Micronutrient intakes were low compared to acceptable daily intakes (AI) and recommended daily intake (RDI) requirements on fast days. Inadequacies in some micronutrient intakes were seen on these days. Intakes for thiamine, niacin, phosphorous and vitamins A and C were all acceptable according to recommendations and are therefore not shown here. Requirements of calcium, iodine and magnesium are shown in Figures 2a-2c. Weekly averages for these micronutrients did not meet requirements on most occasions. Other micronutrients that failed to meet RDI levels in weekly averages were folate (not shown here) and potassium (Figure 2d) on 60% of occasions, vitamin E on 40% of occasions (not shown here). Although inadequate on fast days (3.7 mg/day or 46% RDI). Mean daily iron intakes (not shown here) were high overall (12.3 mg/day or 154%) RDI.
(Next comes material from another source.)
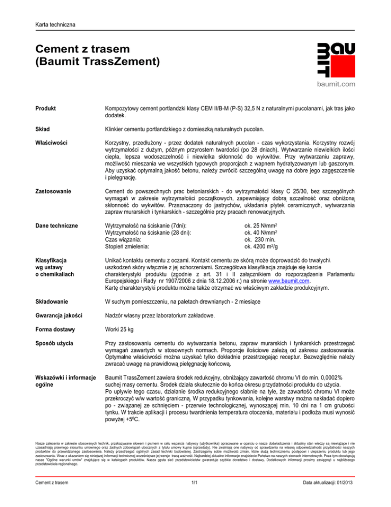 Karta techniczna Cement z trasem (Baumit TrassZement) Produkt Kompozytowy cement portlandzki klasy CEM II/B-M (P-S) 32,5 N z naturalnymi pucolanami, jak tras jako dodatek. Skład Klinkier cementu portlandzkiego z domieszką naturalnych pucolan. Właściwości Korzystny, przedłużony - przez dodatek naturalnych pucolan - czas wykorzystania. Korzystny rozwój wytrzymałości z dużym, późnym przyrostem twardości (po 28 dniach). Wytwarzanie niewielkich ilości ciepła, lepsza wodoszczelność i niewielka skłonność do wykwitów. Przy wytwarzaniu zaprawy, możliwość mieszania we wszystkich typowych proporcjach z wapnem hydratyzowanym lub gaszonym. Aby uzyskać optymalną jakość betonu, należy zwrócić szczególną uwagę na dobre jego zagęszczenie i pielęgnację. Zastosowanie Cement do powszechnych prac betoniarskich - do wytrzymałości klasy C 25/30, bez szczególnych wymagań w zakresie wytrzymałości początkowych, zapewniający dobrą szczelność oraz obniżoną skłonność do wykwitów. Przeznaczony do jastrychów, układania płytek ceramicznych, wytwarzania zapraw murarskich i tynkarskich - szczególnie przy pracach renowacyjnych. Dane techniczne Wytrzymałość na ściskanie (7dni): Wytrzymałość na ściskanie (28 dni): Czas wiązania: Stopień zmielenia: Klasyfikacja wg ustawy o chemikaliach Unikać kontaktu cementu z oczami. Kontakt cementu ze skórą może doprowadzić do trwałych\ uszkodzeń skóry włącznie z jej schorzeniami. Szczegółowa klasyfikacja znajduje się karcie charakterystyki produktu (zgodnie z art. 31 i II załącznikiem do rozporządzenia Parlamentu Europejskiego i Rady nr 1907/2006 z dnia 18.12.2006 r.) na stronie www.baumit.com. Kartę charakterystyki produktu można także otrzymać we właściwym zakładzie produkcyjnym. Składowanie W suchym pomieszczeniu, na paletach drewnianych - 2 miesiące Gwarancja jakości Nadzór własny przez laboratorium zakładowe. Forma dostawy Worki 25 kg Sposób użycia Przy zastosowaniu cementu do wytwarzania betonu, zapraw murarskich i tynkarskich przestrzegać wymagań zawartych w stosownych normach. Proporcje ilościowe zależą od zakresu zastosowania. Optymalne właściwości można uzyskać tylko dokładnie przestrzegając receptur. Bezwzględnie należy zwracać uwagę na prawidłową pielęgnację końcową. Wskazówki i informacje ogólne Baumit TrassZement zawiera środek redukcyjny, obniżający zawartość chromu VI do min. 0,0002% suchej masy cementu. Środek działa skutecznie do końca okresu przydatności produktu do użycia. Po upływie tego czasu, działanie środka redukcyjnego słabnie na tyle, że zawartość chromu VI może przekroczyć w/w wartość graniczną. W przypadku tynkowania, kolejne warstwy można nakładać dopiero po - związanej ze schnięciem - przerwie technologicznej, wynoszącej min. 10 dni na 1 cm grubości tynku. W trakcie aplikacji i procesu twardnienia temperatura otoczenia, materiału i podłoża musi wynosić powyżej +50C. ok. 25 N/mm2 ok. 40 N/mm2 ok. 230 min. ok. 4200 m2/g Nasze zalecenia w zakresie stosowanych technik, przekazywane słowem i pismem w celu wsparcia nabywcy (użytkownika) opracowane w oparciu o nasze doświadczenia i aktualny stan wiedzy są niewiążące i nie uzasadniają prawnego stosunku umownego oraz żadnych zobowiązań ubocznych z tytułu umowy kupna (sprzedaży). Nie zwalniają one nabywcy od sprawdzenia na własną odpowiedzialność przydatności naszych produktów do przewidzianego zastosowania. Należy przestrzegać ogólnych zasad techniki budowlanej. Zastrzegamy sobie możliwość zmian, które służą technicznemu postępowi i ulepszeniu produktu lub jego zastosowaniu. Wraz z ukazaniem się niniejszej informacji technicznej wcześniejsze jej wersje tracą ważność. Najbardziej aktualne informacje znajdziecie Państwo na naszych stronach internetowych. Poza tym obowiązują nasze "Ogólne warunki umów" znajdujące się w katalogach produktów. Nasza gęsta sieć przedstawicielstw gwarantuje szybkie doradztwo i dostawy. Dodatkowych informacji prosimy zasięgnąć u najbliższego przedstawiciela regionalnego. Cement z trasem 1/1 Data aktualizacji: 01/2013

Pre and post fasting blood parameter concentrations are summarised below in Table 2. Blood glucose levels increased by 2%, however this was insignificant. A significant decrease (56%) in fasting blood insulin was observed. Fasting plasma cholesterol levels significantly increased (0.9 mmol/L or 19%), LDL (1.00 mmol/L or 40%). HDL cholesterol also increased (0.07 mmol/L or 4%) although this was insignificant. Plasma triglyceride levels exhibited the greatest change from baseline. A significant decrease in this measure was observed (0.7 mmol/L or 47%). These measures remained within normal reference values. Fasting plasma IGF-1 recorded a significant reduction of (18 mmol/L or 25%).
|Test||Units||Ref Range||Pre Trail||Post Trail||Change|
|Glucose||mmol/L||3.0 – 5.4||4.6||4.7||0.1(2%)|
|HDL||mmol/L||1.00 – 2.50||1.64||1.71||0.07(4%)|
|IGF-1||nmol/L||9.6 – 28.4||25.2||18.8||6.4 (-25%)|
|Insulin||pmol/L||10 - 96||32||14||18(-56%)|
|*Denotes exceeds normal reference range|
Table 2: Baseline and post diet biochemistries.
Pre- and post-trial DEXA results are shown in Table 3. A significant reduction (-3.37 kg) in total body mass was observed. Reductions in lean tissue measured 3.35 kg. Bone mineral content decreased by 0.05 kg and fat mass increased by +0.03 kg. This small increase in fat mass (0.6%) is insignificant when considered relative to losses in lean tissue.
|Bone mineral content (g)||Fat mass (g)||Lean mass (g)||Fat free mass (g)||Total mass (g)||Fat%|
|Region||Pre||Post||% Change||Pre||Post||% Change||Pre||Post||% Change||Pre||Post||% Change||Pre||Post||% Change||Pre||Post||% Change|
Table 3: Pre and Post Trial Body composition parameters measured by Dual X-Ray absorptiometry.
Total body bone mineral density decreased from 1.26 g.cm-2 to 1.25 g.cm-2 although this remained within the normal range. Central abdominal fat decreased from 0.43 kg to 0.38 kg and remained in the low risk category. Resting Metabolic Rate decreased approximately 3.7% from week 1 (2223 kcal/day) to week 5 (2148 kcal/day). This is due to the decrease in body mass (3.4%) as RMR is a function of gender, age, height and body mass.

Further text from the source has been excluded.